Centre for Mental Health & Safety, Division of Psychology & Mental Health, School of Health Sciences, Faculty of Biology, Medicine, and Health, The University of Manchester and Manchester Academic Health Sciences Centre, Manchester, UK.

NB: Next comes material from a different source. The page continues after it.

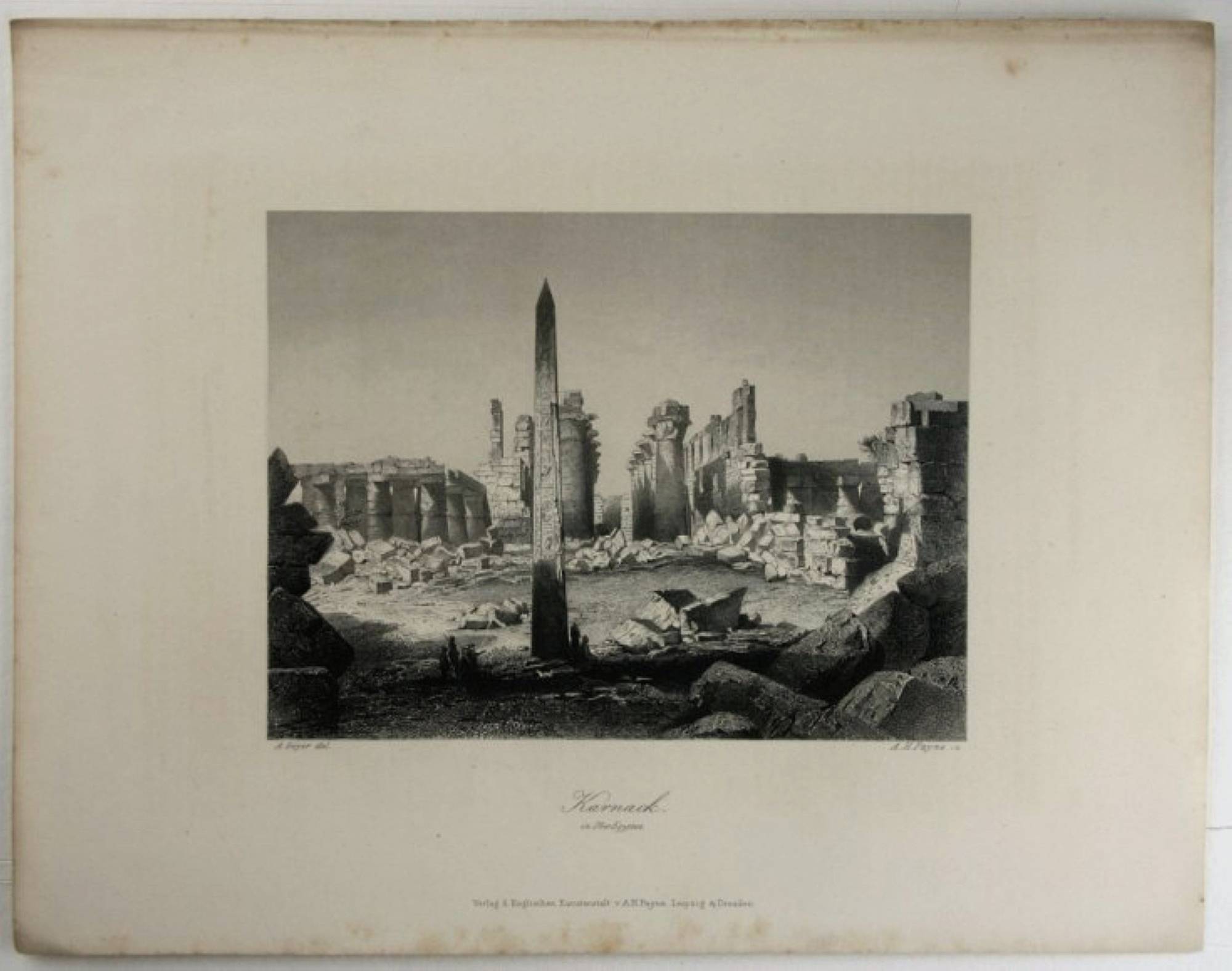 - Description: Albert Heinrich Payne, Karnack in Ägypten, steel engraving after A. Geyer, c. 1880. Description: Steel engraving by Albert Heinrich Payne, inscribed: “A. Geyer pinx. Karnack in Ober-Egypten Verag d. Englische Kunstanstalt v. A. H. Payne, Leipzig&Dresden”. Picturesque view of an obelisk (probably the obelisk of Hatshepsut) in the ruins of the Karnak temples. This temple complex is the largest in Egypt and is located near Luxor on the eastern bank of the Nile. Albert Heinrich Payne (London 1812 – Leipzig 1902) was a steel and copper engraver, etcher, painter and illustrator. From 1838 Payne was a publisher in Leipzig and Dresden. Around 1850 he published the “Dresdner Gemäldegalerie. Old Masters” with 126 steel engravings.

National Centre for Register-based Research and Centre for Integrated Register-based Research, Department of Economics and Business Economics, Aarhus University, Aarhus, Denmark.

出版信息

Lancet Psychiatry. 2019 Jul;6(7):582-589. doi: 10.1016/S2215-0366(19)30180-4. Epub 2019 Jun 3.

Abstract

BACKGROUND

Discharged psychiatric inpatients are at elevated risk of serious adverse outcomes, but no previous study has comprehensively examined an array of multiple risks in a single cohort.

METHODS

We used data from the Danish Civil Registration System to delineate a cohort of all individuals born in Denmark in 1967-2000, who were alive and residing in Denmark on their 15th birthday, and who had been discharged from their first inpatient psychiatric episode at age 15 years or older. Each individual in the discharged cohort was matched on age and sex with 25 comparators without a history of psychiatric admission. Data linked to each individual were also obtained from the Psychiatric Central Research Register, Register of Causes of Death, National Patient Register, and the National Crime Register. We used survival analysis techniques to estimate absolute and relative risks of all-cause mortality, suicide, accidental death, homicide victimisation, homicide perpetration, non-fatal self-harm, violent criminality, and hospitalisation following violence, until Dec 31, 2015.

FINDINGS

We included 62 922 individuals in the discharged cohort, and 1 573 050 matched comparators. Risks for each of all eight outcomes examined were markedly elevated in the discharged cohort relative to the comparators. Within 10 years of first discharge, the cumulative incidence of death, self-harm, committing a violent crime, or hospitalisation due to interpersonal violence was 32·0% (95% CI 31·6-32·5) in the discharged cohort (37·1% [36·5-37·8] in men and 27·2% [26·7-27·8] in women). Absolute risk of at least one adverse outcome occurring within this timeframe were highest in people diagnosed with a psychoactive substance use disorder at first discharge (cumulative incidence 49·4% [48·4-50·4]), and lowest in those diagnosed with a mood disorder (24·4% [23·6-25·2]). For suicide and non-fatal self-harm, risks were especially high during the first 3 months post-discharge, whereas risks for accidental death, violent criminality, and hospitalisation due to violence were more constant throughout the 10-year follow-up.

INTERPRETATION

People discharged from inpatient psychiatric care are at higher risk than the rest of the population for a range of serious fatal and non-fatal adverse outcomes. Improved inter-agency liaison, intensive follow-up immediately after discharge, and longer-term social support are indicated.

FUNDING

Medical Research Council, European Research Council, and Wellcome Trust.

摘要

背景

出院的精神科住院患者出现严重不良后果的风险较高,但此前尚无研究在单一队列中全面考察一系列多种风险。

方法

我们使用丹麦民事登记系统的数据,划定了一个队列,其中包括1967年至2000年在丹麦出生、15岁生日时仍在世且居住在丹麦、15岁及以上首次因精神科住院治疗后出院的所有个体。出院队列中的每个个体在年龄和性别上与25名无精神科住院史的对照者进行匹配。还从精神科中央研究登记册、死亡原因登记册、国家患者登记册和国家犯罪登记册获取了与每个个体相关的数据。我们使用生存分析技术来估计直至2015年12月31日全因死亡率、自杀、意外死亡、受杀人侵害、实施杀人行为、非致命性自我伤害、暴力犯罪以及暴力事件后住院治疗的绝对风险和相对风险。

结果

我们将62922名个体纳入出院队列,以及1573050名匹配的对照者。与对照者相比,出院队列中所考察的所有八项结局的风险均显著升高。首次出院后的10年内,出院队列中因死亡、自我伤害、实施暴力犯罪或人际暴力导致住院的累积发生率为32.0%(95%CI 31.6 - 32.5)(男性为37.1%[36.5 - 37.8],女性为27.2%[26.7 - 27.8])。首次出院时被诊断为精神活性物质使用障碍的人在此时间段内至少发生一种不良结局的绝对风险最高(累积发生率49.4%[48.4 - 50.4]),而被诊断为心境障碍的人风险最低(24.4%[23.6 - 25.2])。对于自杀和非致命性自我伤害,出院后的前3个月风险尤其高,而在10年随访期间,意外死亡、暴力犯罪以及暴力事件后住院的风险则较为稳定。

解读

与普通人群相比,从住院精神科护理中出院的人面临一系列严重的致命和非致命不良结局的风险更高。需要改善机构间联络、出院后立即进行强化随访以及提供长期社会支持。

资金来源

医学研究理事会、欧洲研究理事会和惠康信托基金会。